TASK DESCRIPTION:
Write the records out again exactly, but without pictures.

SUPPLIED MATERIAL:

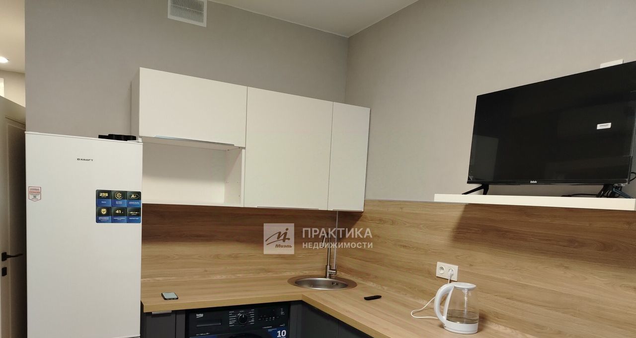 Есть всё для проживания: кухонный гарнитур, холодильник, ст/машина, спальное место ,кондиционер. Совмещённый санузел обеспечивает удобство и функциональность.
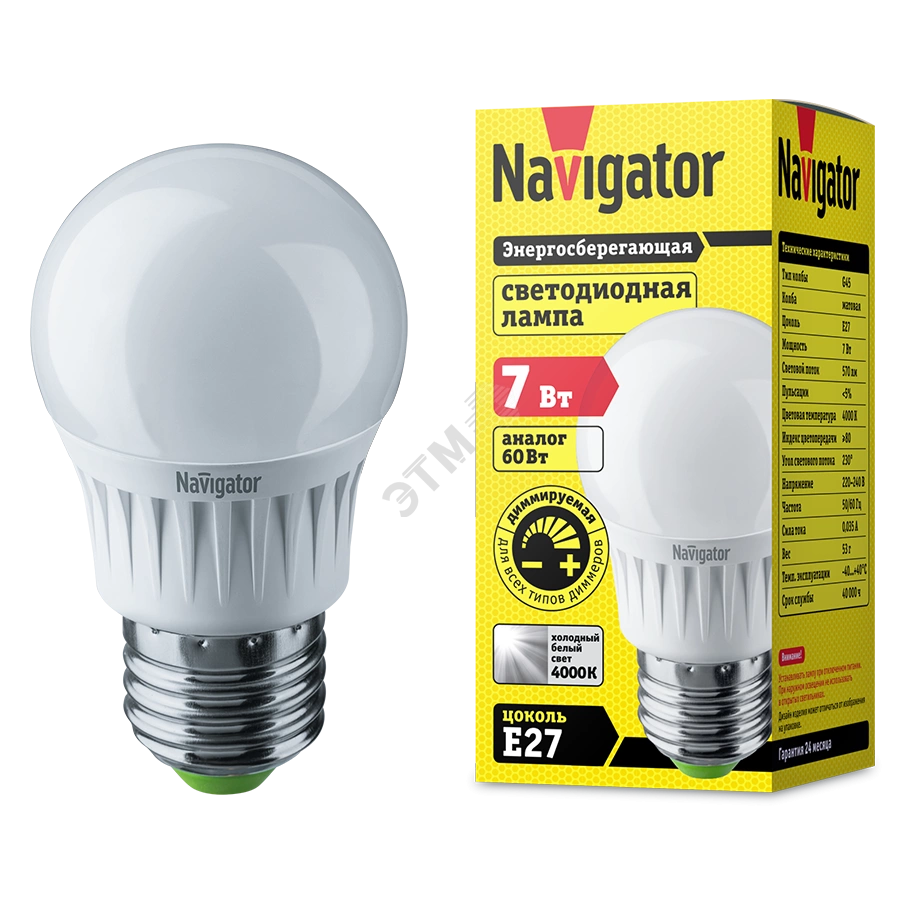 Диммируемые светодиодные лампы Navigator – идеальная замена стандартных ламп накаливания. Данные лампы отличает широкий диапазон диммирования – от 5 до 100 процентов. Они подходят для использования с любыми стандартными диммерами. При производстве ламп используются светодиоды Epistar (Тайвань). Радиатор изготовлен из композитного материала на основе пластика и алюминия, что способствует увеличению срока службы лампы. Угол раскрытия светового луча – 230 градусов. Отсутствуют пульсации светового потока.
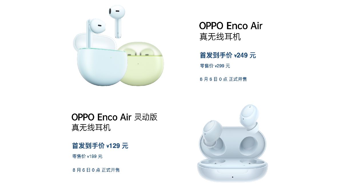 除OPPO Watch 2外, 这次OPPO还带来了OPPO Enco Air真无线耳机的青/蓝新配色,两款新配色售价同为299元,首销期间入手仅249元。OPPO Enco Air灵动版淡蓝版,售价199,首销期间入手仅129元。
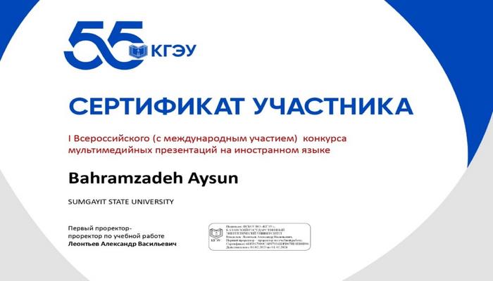 Kazan Dövlət Energetika Universitetinin 55 illik yubileyinə həsr olunmuş “Müasir dünyada yüksək texnologiyaların uğurları” adlı I Beynəlxalq olimpiada keçirilmişdir. MDB ölkələrindən 40, Rusiyadaxili isə 55 universitetin qatıldığı beynəlxalq olimpiadada Sumqayıt Dövlət Universitetinin 10 tələbəsi iştirak etmişdir.
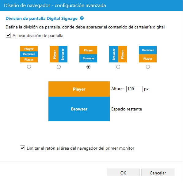 Al variar las dimensiones, SiteKiosk tendrá en cuenta el tamaño total disponible de la pantalla donde esté instalado.
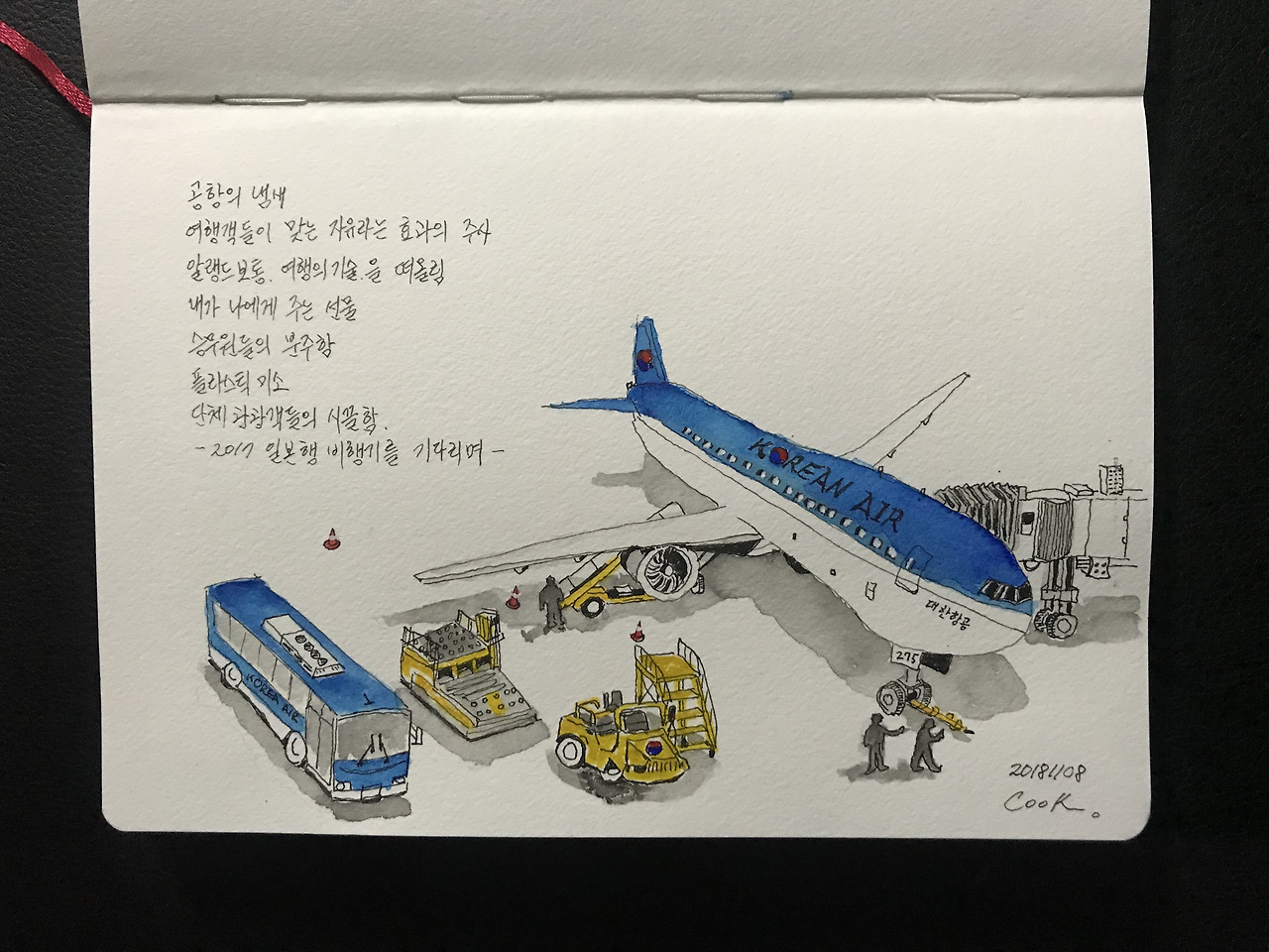 제복을 입고 지나가는 승무원들의 플라스틱 미소.
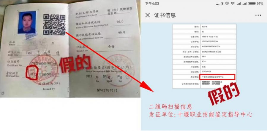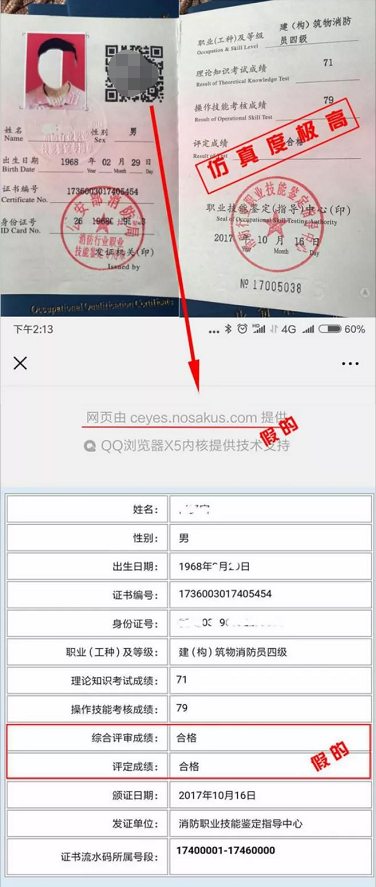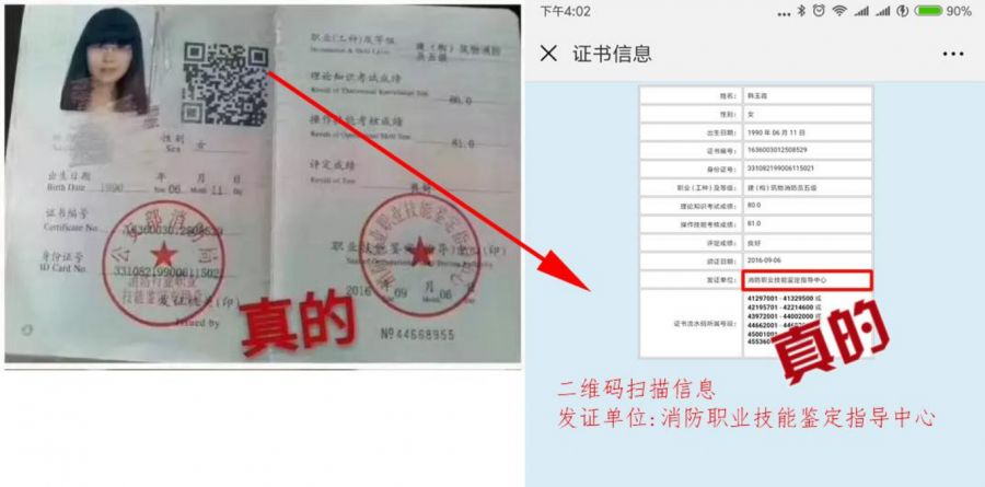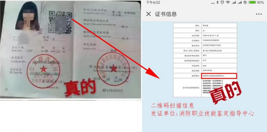 ⑵“真”中带假: 网上可查,集体操作。这种假证证件本身不是个人制作,通过XX省或XX市非消防行业鉴定中心制作、 上传,上网可以查询到,这就是对方所说的"真"。假就假在没有"公安部消防局"和" 消防行业特有工种职业技能鉴定指导中心"的印章,而是 XX 省或 XX 市冠名的印章。这种证一眼便知。

WRITTEN SOLUTION:
 Есть всё для проживания: кухонный гарнитур, холодильник, ст/машина, спальное место ,кондиционер. Совмещённый санузел обеспечивает удобство и функциональность.
 Диммируемые светодиодные лампы Navigator – идеальная замена стандартных ламп накаливания. Данные лампы отличает широкий диапазон диммирования – от 5 до 100 процентов. Они подходят для использования с любыми стандартными диммерами. При производстве ламп используются светодиоды Epistar (Тайвань). Радиатор изготовлен из композитного материала на основе пластика и алюминия, что способствует увеличению срока службы лампы. Угол раскрытия светового луча – 230 градусов. Отсутствуют пульсации светового потока.
 除OPPO Watch 2外, 这次OPPO还带来了OPPO Enco Air真无线耳机的青/蓝新配色,两款新配色售价同为299元,首销期间入手仅249元。OPPO Enco Air灵动版淡蓝版,售价199,首销期间入手仅129元。
 Kazan Dövlət Energetika Universitetinin 55 illik yubileyinə həsr olunmuş “Müasir dünyada yüksək texnologiyaların uğurları” adlı I Beynəlxalq olimpiada keçirilmişdir. MDB ölkələrindən 40, Rusiyadaxili isə 55 universitetin qatıldığı beynəlxalq olimpiadada Sumqayıt Dövlət Universitetinin 10 tələbəsi iştirak etmişdir.
 Al variar las dimensiones, SiteKiosk tendrá en cuenta el tamaño total disponible de la pantalla donde esté instalado.
 제복을 입고 지나가는 승무원들의 플라스틱 미소.
 ⑵“真”中带假: 网上可查,集体操作。这种假证证件本身不是个人制作,通过XX省或XX市非消防行业鉴定中心制作、 上传,上网可以查询到,这就是对方所说的"真"。假就假在没有"公安部消防局"和" 消防行业特有工种职业技能鉴定指导中心"的印章,而是 XX 省或 XX 市冠名的印章。这种证一眼便知。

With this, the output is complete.